- Recorded information
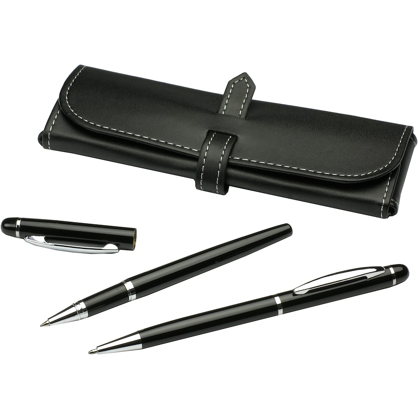 Unikt pennesett i pent futteral av kunstlær. Settet består av en blekkpenn og en kulepenn av metall. Pennene merkes med lasergravering og gaveesken kan trykkes på. Graveringsprisen er for merking på en av pennene.
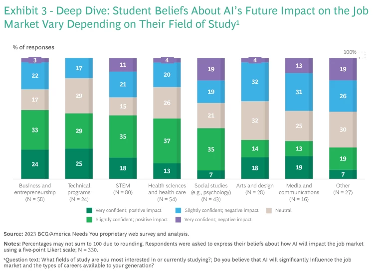 Broken out by field of study, students studying business/entrepreneurship, technical fields, and STEM were the most positive about the benefits of AI to their fields, while students in social studies, arts and design, and media and communications had a more negative outlook (see Exhibit 3).
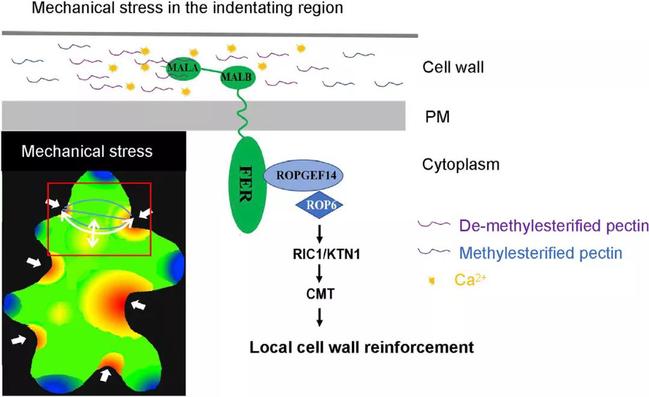 值得指出的是,细胞组分的变化很多时候也被认为是一种机械力信号,这项研究关于FERONIA感应细胞壁组分变化的发现也促成了另一个发现:FERONIA可以通过结合去甲酯化果胶,感受外界机械力胁迫,调控细胞骨架微管蛋白的重排列,从而在机械力胁迫下维持细胞的完整性(开云网页版唐文鑫博士为第一作者,林文伟博士为第二作者)(图2)。这两项研究为更好理解植物如何感受物理刺激(包括细胞壁组分变化及机械力),达到适应性生长发育提供了理论基础。
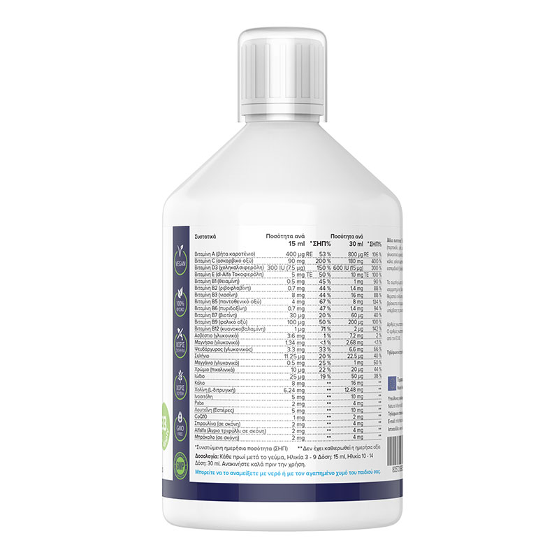 Vegan Natural Vitamins Kids Multivitamin 3+ 500ml- Παιδική πολυβιταμίνη

- Brief
Please set down each line of the data above exactly as written, without the pictures.

- Your solution
 Unikt pennesett i pent futteral av kunstlær. Settet består av en blekkpenn og en kulepenn av metall. Pennene merkes med lasergravering og gaveesken kan trykkes på. Graveringsprisen er for merking på en av pennene.
 Broken out by field of study, students studying business/entrepreneurship, technical fields, and STEM were the most positive about the benefits of AI to their fields, while students in social studies, arts and design, and media and communications had a more negative outlook (see Exhibit 3).
 值得指出的是,细胞组分的变化很多时候也被认为是一种机械力信号,这项研究关于FERONIA感应细胞壁组分变化的发现也促成了另一个发现:FERONIA可以通过结合去甲酯化果胶,感受外界机械力胁迫,调控细胞骨架微管蛋白的重排列,从而在机械力胁迫下维持细胞的完整性(开云网页版唐文鑫博士为第一作者,林文伟博士为第二作者)(图2)。这两项研究为更好理解植物如何感受物理刺激(包括细胞壁组分变化及机械力),达到适应性生长发育提供了理论基础。
 Vegan Natural Vitamins Kids Multivitamin 3+ 500ml- Παιδική πολυβιταμίνη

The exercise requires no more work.